I've attached a new V4 variant of the patch based on
Peter's V3, mostly containing comment amendments and a few
other minor stylistic fixes.
> An interesting thing about sorting IPv4 inets on 64-bit machines is that when the inets are the same, the abbreviated comparitor will return 0 which is taken by the sorting machinery to mean "the datums are the same up to this point, so you need to call the full comparitor" — but, in this case, 0 means "the datums truly are the same, no need to call the full comparitor". Since the full comparitor assumes its arguments to be the original (typically pass-by-reference) datums, you can't do it there. You'd need to add another optional comparitor to be called after the abbreviated one. In inet's case on a 64-bit machine, it would look at the abbreviated datums and if they're both in the IPv4 family, would return 0 (knowing that the abbreviated comparitor has already done the real work). I have no reason to believe this particular optimisation is worth anything much, though; it's outside the scope of this patch, besides.
Edmund: thanks a lot for the really quick review turn
around, and apologies for not following up sooner!
Agreed that this change is out-of-scope, but it could be an
interesting improvement.
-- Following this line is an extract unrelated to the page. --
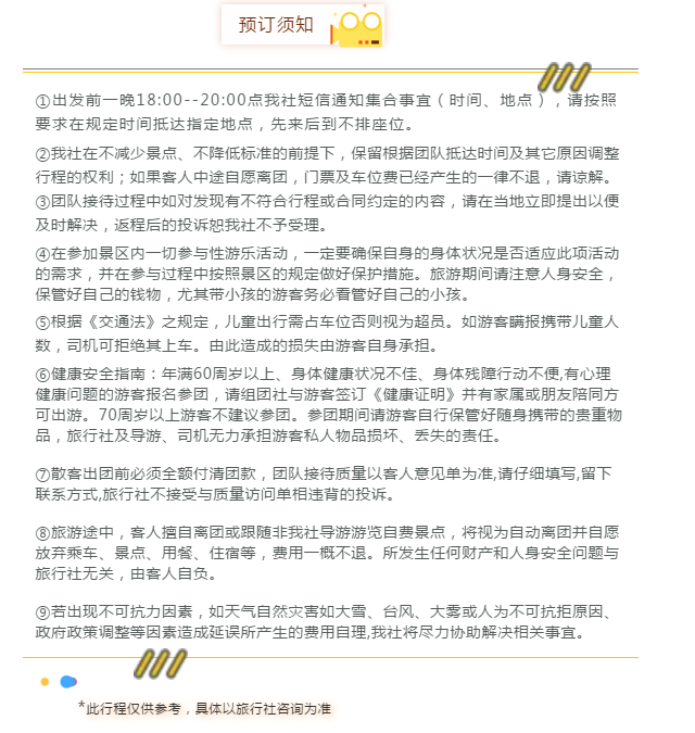 声明:1、本网站上的旅游线路和价格仅供参考,具体价格及发团时间请依电话或到店咨询为准,网购预定用户以工作人员回复确认为准!

You'd have similar potential speed
improvements for other SortSupport data types like uuid,
strings (short ones), and macaddr. Low cardinality data
sets would probably benefit the most.
> When you say "comparison is done" it sounds like more comparing is going to be done, but what I think you mean is that comparison is finished.
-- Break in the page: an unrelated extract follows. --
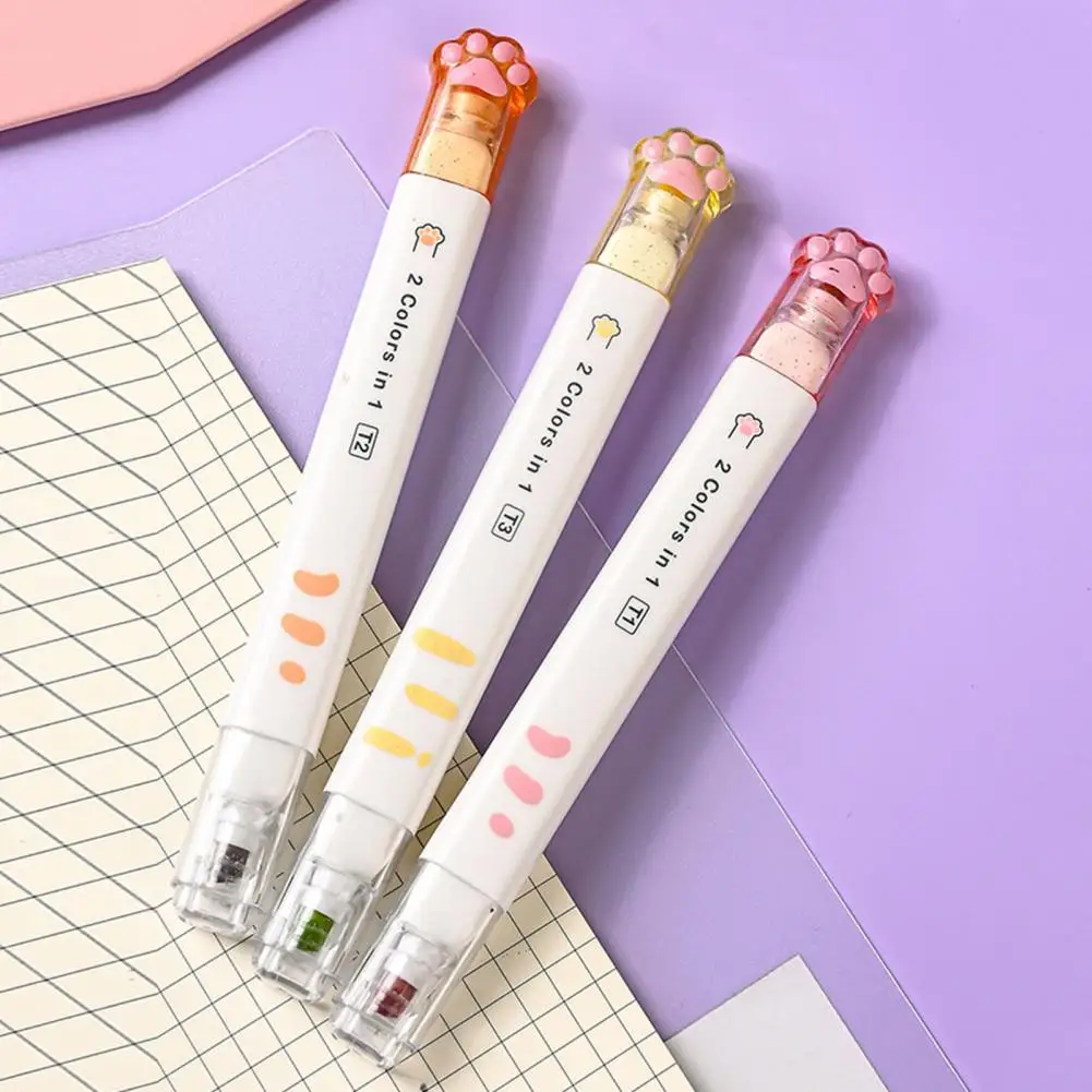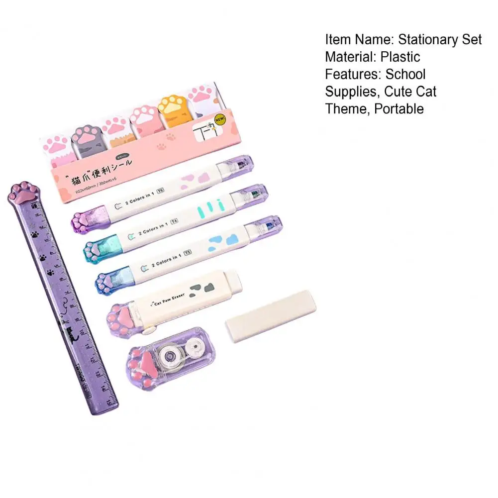 Útiles escolares con temática de gatos Juego de papelería de Pata de Gato adorable Borrador Resaltadores Notas adhesivas Regla Caja de lápices para la escuela para gato

Peter's version of my patch ended up stripping out and/or
changing some of my original comments, so most of them are
fixed by virtue of that. And agreed about the ambiguity in
wording above — I changed "done" to "finished".
> I didn't see any links for [1], [2] and [3] in your email.
Good catch. Here are the original footnote links:
[1] https://github.com/brandur/inet-sortsupport-test
[2] https://github.com/brandur/inet-sortsupport-test/blob/master/results.md
[3] https://github.com/brandur/postgres/compare/master...brandur-inet-sortsupport-unit#diff-a28824d1339d3bb74bb0297c60140dd1
> The way that you put a Min() on the subnet size potentially constrains
> the size of the bitmask used for the network component of the
> abbreviated key (the component that comes immediately after the
> ipfamily status bit). Why not just let the bitmask be a bitmask,
> without bringing SIZEOF_DATUM into it? Doing it that way allowed for a
> more streamlined approach, with significantly fewer special cases.
Peter: thanks a lot for the very thorough look and revised
version! Generally agreed that fewer special cases is good,
but I was also trying to make sure that we didn't
compromise the code's understandability by optimizing for
fewer special cases above everything else (especially for
this sort of thing where tricky bit manipulation is
involved).
But I traced through your variant and it looks fine to me
(still looks correct, and readability is still good). I've
pulled most of your changes into V4.
> I'm not sure whether or not your approach had bugs, but I
> didn't like the way you sometimes did a straight "network
> = ipaddr_datum" assignment without masking.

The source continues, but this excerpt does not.